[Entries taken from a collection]
------------------------------------

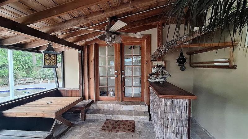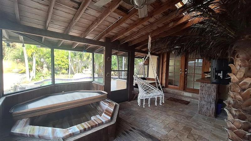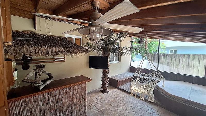 Enjoy Florida living at its finest with a covered screened patio, complete with a tiki bar and jacuzzi, overlooking a uniquely designed saltwater pool. The large lot provides ample off-street parking, abundant storage—including a sizable shed—and endless possibilities.
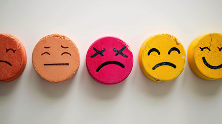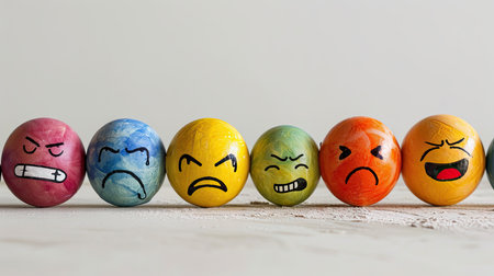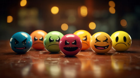 An AI generated illustration of the hands of a person holding small colorful balls with smiley and sad faces
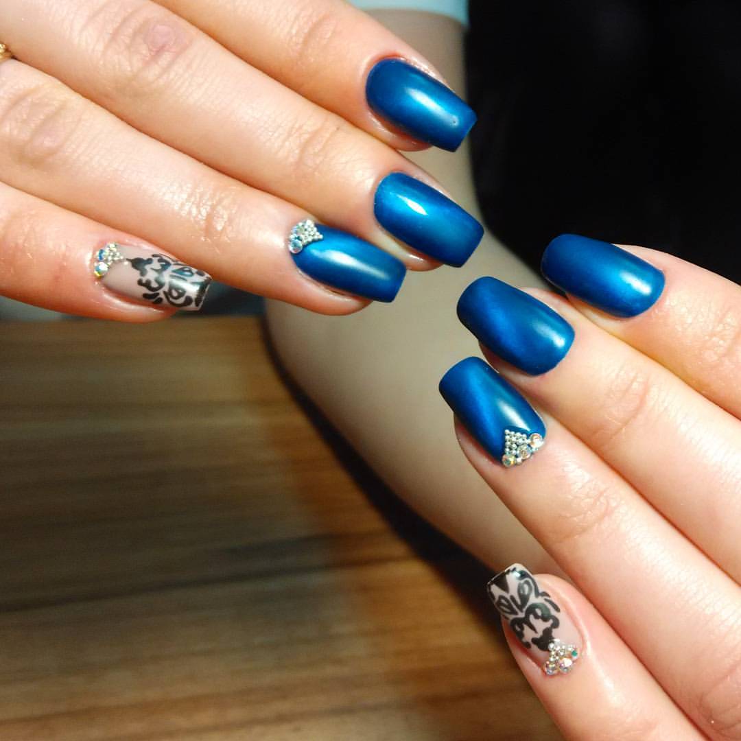 Шикарно выглядит инкрустация камнями матовых покрытий. Для спокойных, светлых, постельных цветов лака больше гармонирует блестящий декор.
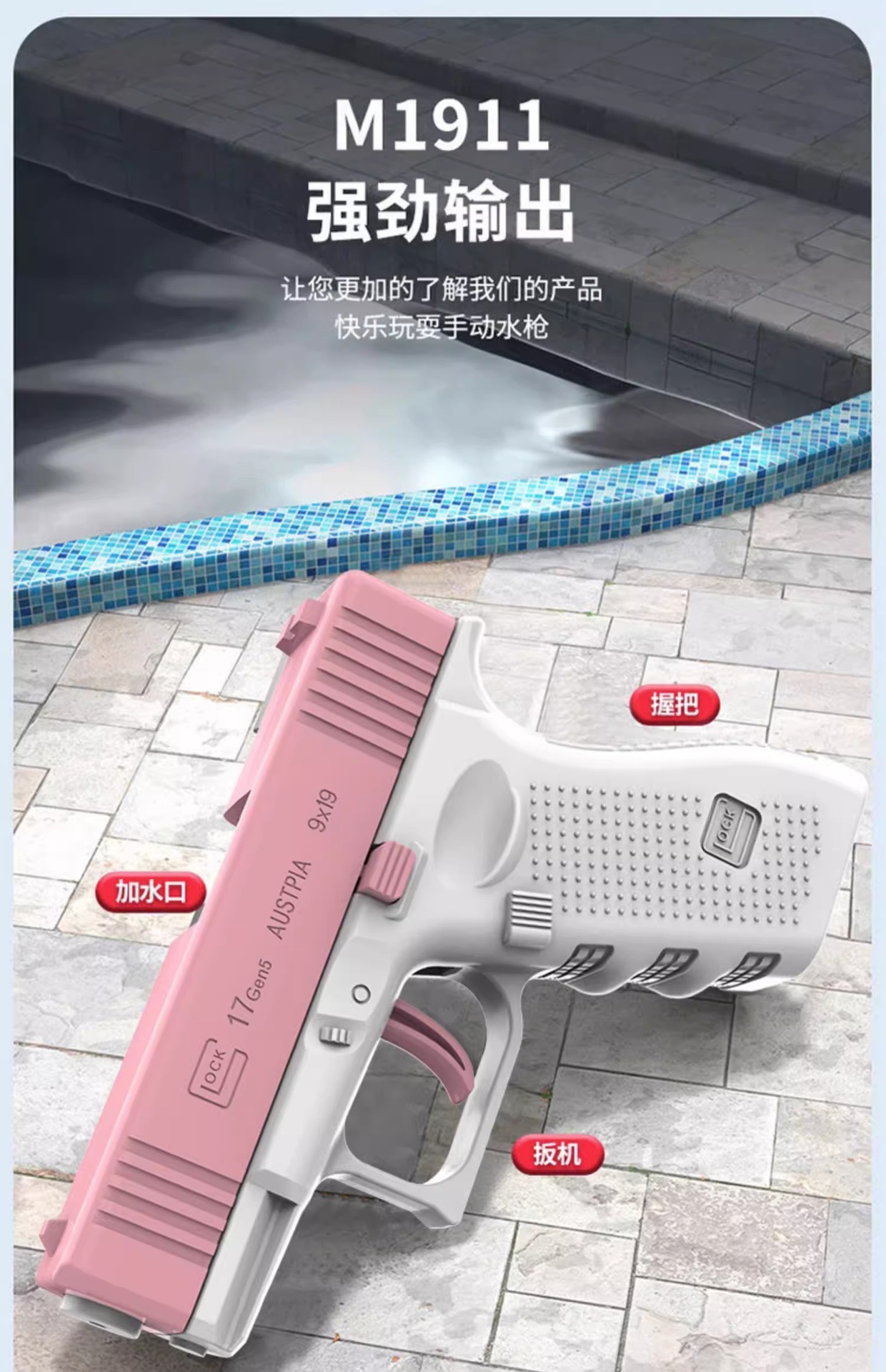 • 핑크 1911 수동 버스트 물총 [13.5cm] OPP 가방
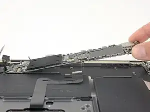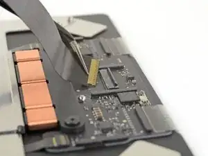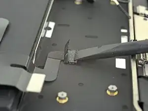 Используйте плоский конец лопатки, чтобы приподнять небольшую фиксирующую защёлку на ZIF-разъёме тачпада.
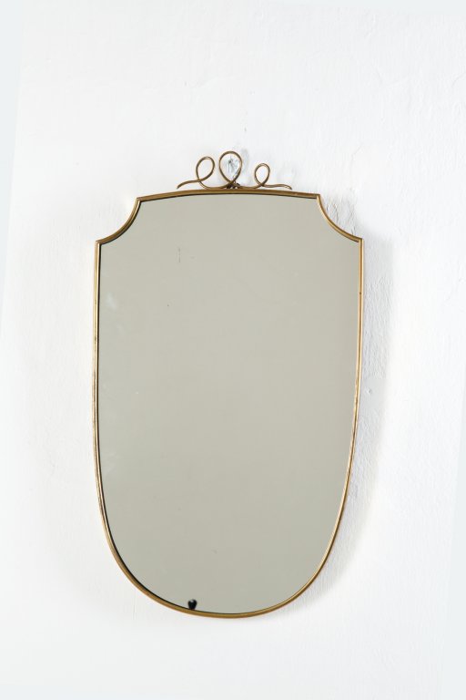 UNO SPECCHIO DA PARETE, anni '50. Ottone, cristallo argentato. Cm 66 x 40.
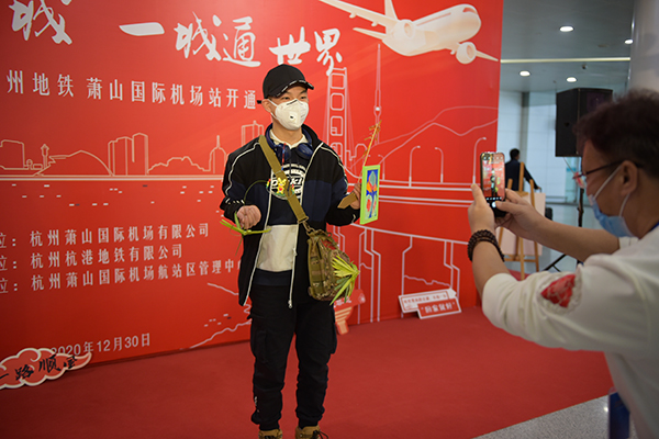 當日,為慶祝杭州機場正式開通地鐵,航站區中心在T3航站樓內開展“一線連全城 一城通世界”文化主題活動。活動邀請了“糖畫”“草編”“捏面人兒”“水印畫”等四位杭州非遺傳承人到現場與旅客進行互動,傳授制作技巧,贈送手工藝品,讓旅客感受杭州地域文化。首位搭乘地鐵前來機場的旅客被邀請至活動現場,并獲得精美禮品。此外,活動現場還設置了拍照打卡背景墻。(李俊杰 任嘉婷)
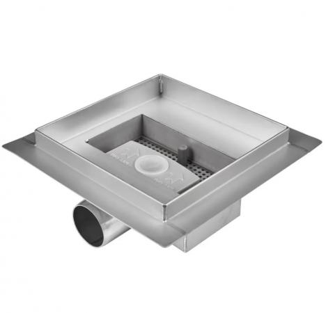 Трап-лоток горизонтальный с сухим гидрозатвором под кладку плитки 15 см квадрат TIM BAD451502
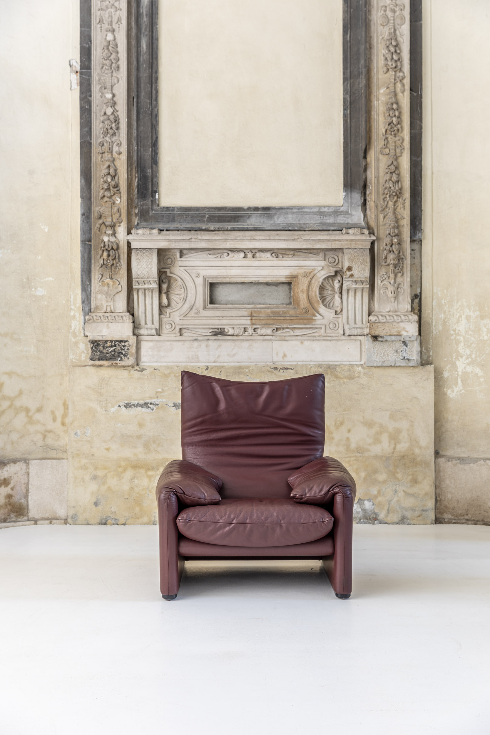 Maralunga is an emblematic sofa of Cassina, the work of architect and Industrial designer Vico Magistretti, designed in 1973. Winner of the Compasso d’Oro in 1979, Maralunga is the embodiment of the very idea of comfort, with an adjustable headrest for a high or low backrest version obtained by inserting a simple bicycle chain inside the foam of the backrest. This item features three-seat sofa and two armchairs.
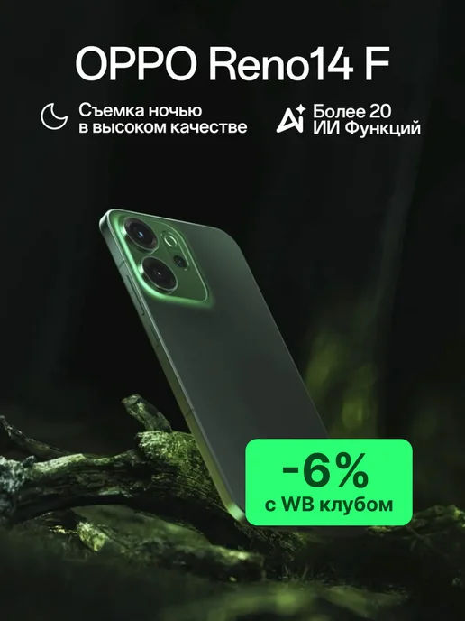 Смартфон Reno14 F 5G 8 256 Ростест (EAC), сияющий зеленый
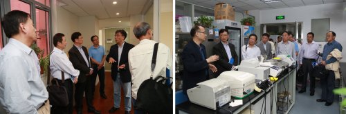 专家组首先在院办、财务处等相关部门负责人的陪同下实地考察了医学院人才特区建设项目—上海市免疫学研究所和解剖学和组织胚胎系,分别听取了苏冰教授和徐天乐教授的介绍。专家组一致表示我院高层次人才引进方面成果显著,主要表现在三方面,即引进的人才是国际一流的、实验室设备和设施是先进的、团队的工作机制是创新的,这使引进人才和团队拥有较好的自主创新能力。
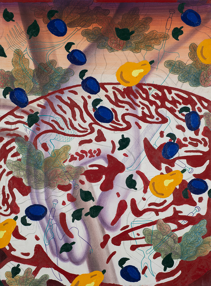 Grundsätzlich interessiere ich mich sehr für den scheinbaren Gegensatz von Beklemmung und ästhetischem Reiz. Ein streng kalkuliertes Verhältnis zwischen Figur und Bildraum bildet in meinem Arbeitsprozess das Fundament. Inhaltlich beschäftige ich mich mit Klischees von Idylle und Anatomie, wobei ich durch formale Eingriffe versuche dem Klischee ästhetische Neuerfindungen abzuringen, die den Bereich der Gewohnheit durchbrechen. Die Polarität von Generischem und Besonderem ist für mich wichtiger Form- und Ideengeber, welcher auch für mein Modell der Figurendarstellung verantwortlich ist und die Schwelle zwischen Apathie und Empathie untersucht. Ein Verallgemeinerungsversuch der menschlichen Gestalt und die Banalität der anderen Bildgegenstände wird kontaminiert durch die Tatsache, dass durch die referenzfreie Handzeichnung das Individuelle und Merkwürdige zwangsläufig mit einfließt.
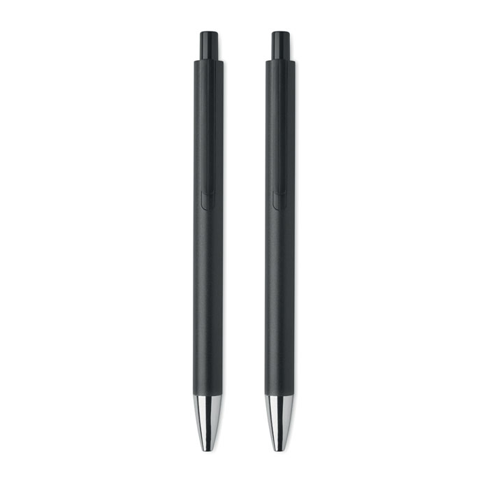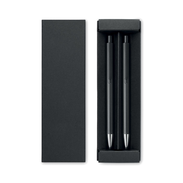 Schreibset aus recyceltem Aluminium. Bestehend aus 2 Kugelschreibern (1x blaue Tinte, 1x Graphitmiene). Präsentiert in einer Schachtel aus recyceltem Papier.
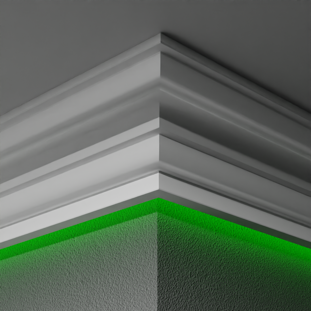 Този LED перваз е стилно и модерно решение за скрито осветление в интериора. Дизайнът му е изчистен с вълнообразна част. Продават се на пакети по 2 бройки.
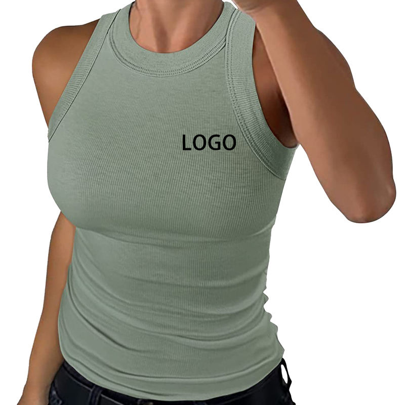 Débardeurs pour femmes OEM personnalisés été sans manches basique Top Shirt Slim Knit Ribbed Racerback Blouses
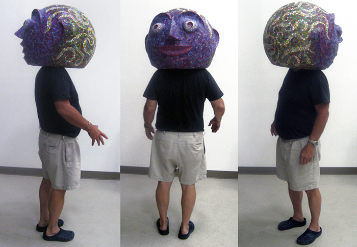 Papier-mâché mask with internal camera and video monitor. A hybrid sculpture⁄performance⁄costume, meant to be experienced from the inside and the outside. The participant wears the mask backwards, giving them a view of what is behind them.

------------------------------------

• _Instructions to follow_
Begin at the first line of the records and please reproduce every line exactly through the one containing "专家组首先在院办、财务处等相", leaving all pictures out.

• _Your response_
 Enjoy Florida living at its finest with a covered screened patio, complete with a tiki bar and jacuzzi, overlooking a uniquely designed saltwater pool. The large lot provides ample off-street parking, abundant storage—including a sizable shed—and endless possibilities.
 An AI generated illustration of the hands of a person holding small colorful balls with smiley and sad faces
 Шикарно выглядит инкрустация камнями матовых покрытий. Для спокойных, светлых, постельных цветов лака больше гармонирует блестящий декор.
 • 핑크 1911 수동 버스트 물총 [13.5cm] OPP 가방
 Используйте плоский конец лопатки, чтобы приподнять небольшую фиксирующую защёлку на ZIF-разъёме тачпада.
 UNO SPECCHIO DA PARETE, anni '50. Ottone, cristallo argentato. Cm 66 x 40.
 當日,為慶祝杭州機場正式開通地鐵,航站區中心在T3航站樓內開展“一線連全城 一城通世界”文化主題活動。活動邀請了“糖畫”“草編”“捏面人兒”“水印畫”等四位杭州非遺傳承人到現場與旅客進行互動,傳授制作技巧,贈送手工藝品,讓旅客感受杭州地域文化。首位搭乘地鐵前來機場的旅客被邀請至活動現場,并獲得精美禮品。此外,活動現場還設置了拍照打卡背景墻。(李俊杰 任嘉婷)
 Трап-лоток горизонтальный с сухим гидрозатвором под кладку плитки 15 см квадрат TIM BAD451502
 Maralunga is an emblematic sofa of Cassina, the work of architect and Industrial designer Vico Magistretti, designed in 1973. Winner of the Compasso d’Oro in 1979, Maralunga is the embodiment of the very idea of comfort, with an adjustable headrest for a high or low backrest version obtained by inserting a simple bicycle chain inside the foam of the backrest. This item features three-seat sofa and two armchairs.
 Смартфон Reno14 F 5G 8 256 Ростест (EAC), сияющий зеленый
 专家组首先在院办、财务处等相关部门负责人的陪同下实地考察了医学院人才特区建设项目—上海市免疫学研究所和解剖学和组织胚胎系,分别听取了苏冰教授和徐天乐教授的介绍。专家组一致表示我院高层次人才引进方面成果显著,主要表现在三方面,即引进的人才是国际一流的、实验室设备和设施是先进的、团队的工作机制是创新的,这使引进人才和团队拥有较好的自主创新能力。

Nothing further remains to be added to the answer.